Emails chiffrés : ProtonMail défend son modèle face à une analyse de sa sécurité

Le monde de la crypto, S25E18
9 min

Dans un article, le chercheur Nadim Kobeissi pointe des faiblesses du modèle de sécurité de ProtonMail, qui propose du chiffrement de bout en bout d'emails. Contactée, la société balaie la critique, revendique des choix de conception communs avec d'autres services sécurisés et interroge les intentions derrière cette étude.

Hier, Nadim Kobeissi a publié une analyse formelle de l'architecture de sécurité de ProtonMail (PDF). Professeur à la branche parisienne de la New York University, il est connu pour plusieurs projets, dont Cryptocat et Peerio et pionnier de la cryptographie web (voir notre portrait début 2015). Dans son document, écrit « en quelques jours », il attaque frontalement le service, estimant que son webmail ne fournit pas réellement de chiffrement de bout en bout, pour plusieurs raisons.

« ProtonMail n'a, depuis sa genèse, jamais fourni de garantie de sécurité pour le chiffrement de bout en bout à la majorité de ses utilisateurs », écrit Kobeissi, pensant que la plupart des membres passent par cette version web.

La promesse du chiffrement de bout en bout

L'intérêt de ProtonMail, par rapport aux applications PGP classiques, est que le service gère lui-même le chiffrement et les clés (privée et publique) qui le permettent. ProtonMail conserve la clé privée de l'utilisateur sur ses serveurs, pour la lui fournir sur n'importe quel appareil.

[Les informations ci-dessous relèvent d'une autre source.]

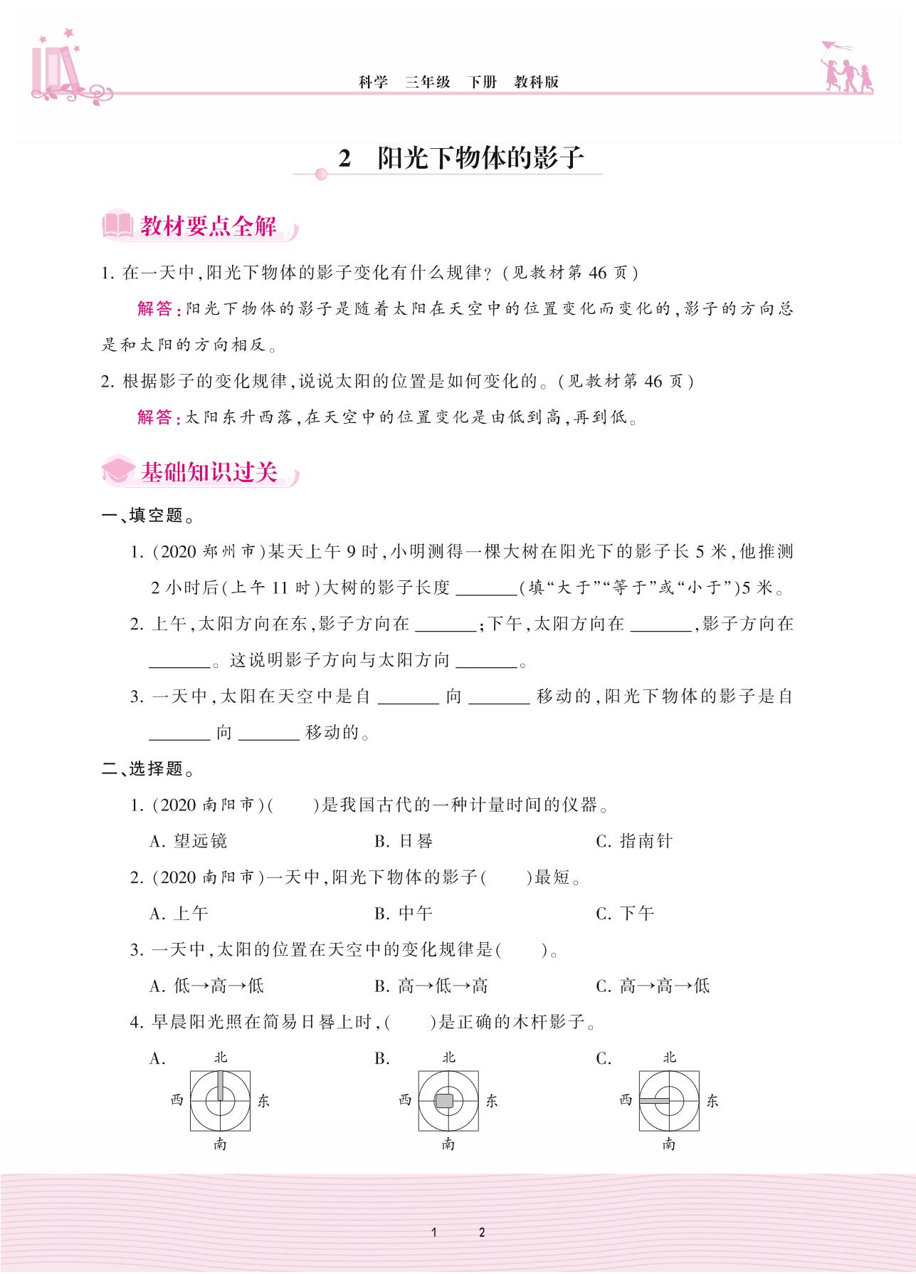 2021下册三年级科学教科版 第三单元 太阳、地球和月球——2 阳光下物体的影子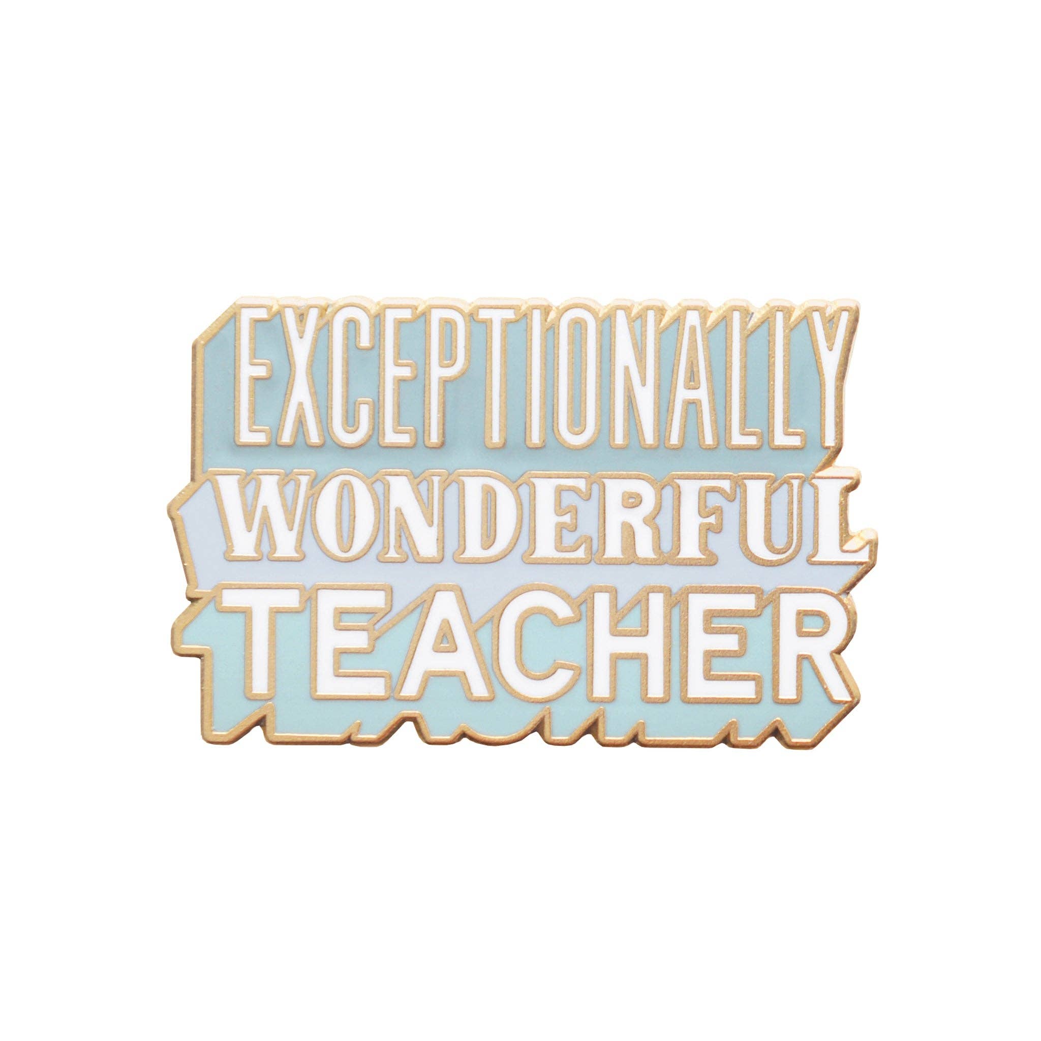 A bright and colourful pin, featuring our ‘Exceptionally Wonderful Teacher’ design. Made from matt gold toned metal with tones of teal and blue hard enamels, complete with a rubber clasp on the reverse.Â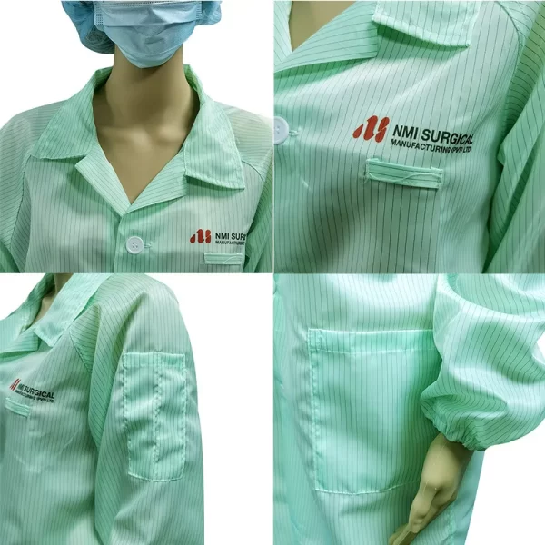 2 Side Pockets Lapel Collar Button 5mm Carbon Stripe ESD Cleanroom Gown Washable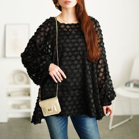 柔らかなフリンジが躍るトレンドスタイルが決まる着映え力の高いトップスは、シフォンの生地に毛足の短めなフリンジジャガードが重なり、トレンド感と高見え効果に。ふんわりとボリューム感のあるスリーブが、レディなスタイリングに仕上げます。ふわっと広がるフレアシルエットで、柔らかな印象をプラスし、着映え力アップに。全体にゆったりとした着心地がリラクシーさを演出し、長時間快適。裾には別布の裏地と縫い合わせることで透け感を抑え、ヒップや脚の付け根部分をカバーしてくれます。インナーとの掛け算が楽しめるシフォン地が、軽快さを演出する大人な一枚。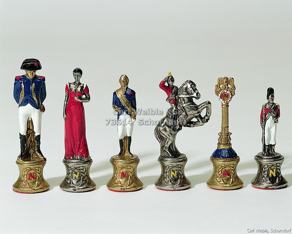 Schachfiguren „Napoleon“ Zink-Druckguss, gold- und silberfarbig eloxiert, handbemalt, mit Filz, in Kartonverpackung 01704 Königshöhe 87 mm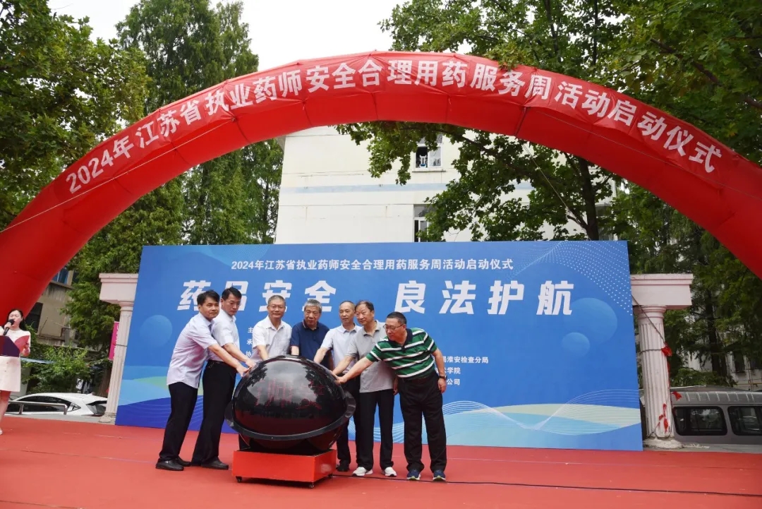 参加活动启动仪式的嘉宾江苏省执业药师协会原会长颜怀虎、江苏省执业药师协会秘书长王吉东、原秘书长滕金鹏、淮安市市场监督管理局副局长杨兆权、江苏省药品监督管理局淮安检查分局局长王健、淮安市药学会理事长葛于元、淮安市食品药品检验所所长金华,共同启动2024年江苏省执业药师安全合理用药服务周活动。

Cette clé est chiffrée avec un dérivé du mot de passe de l'utilisateur, inconnu de ProtonMail.

En principe, la clé privée est déchiffrée localement (par exemple dans le navigateur), le serveur n'en ayant que sa copie chiffrée. Toutes les opérations de chiffrement sont effectuées localement, ProtonMail ne voyant que le contenu chiffré des messages ; les métadonnées, dont l'objet, sont tout de même hébergées en clair.

La société a construit une solide réputation sur ce modèle, en devenant par ailleurs la principale responsable d'OpenPGPjs, la bibliothèque qui gère le (dé)chiffrement des données dans le navigateur web. Elle a depuis lancé son propre réseau privé virtuel (VPN), ProtonVPN, promu par Mozilla.

Passons en revue les critiques de Kobeissi, avec les réponses de l'entreprise.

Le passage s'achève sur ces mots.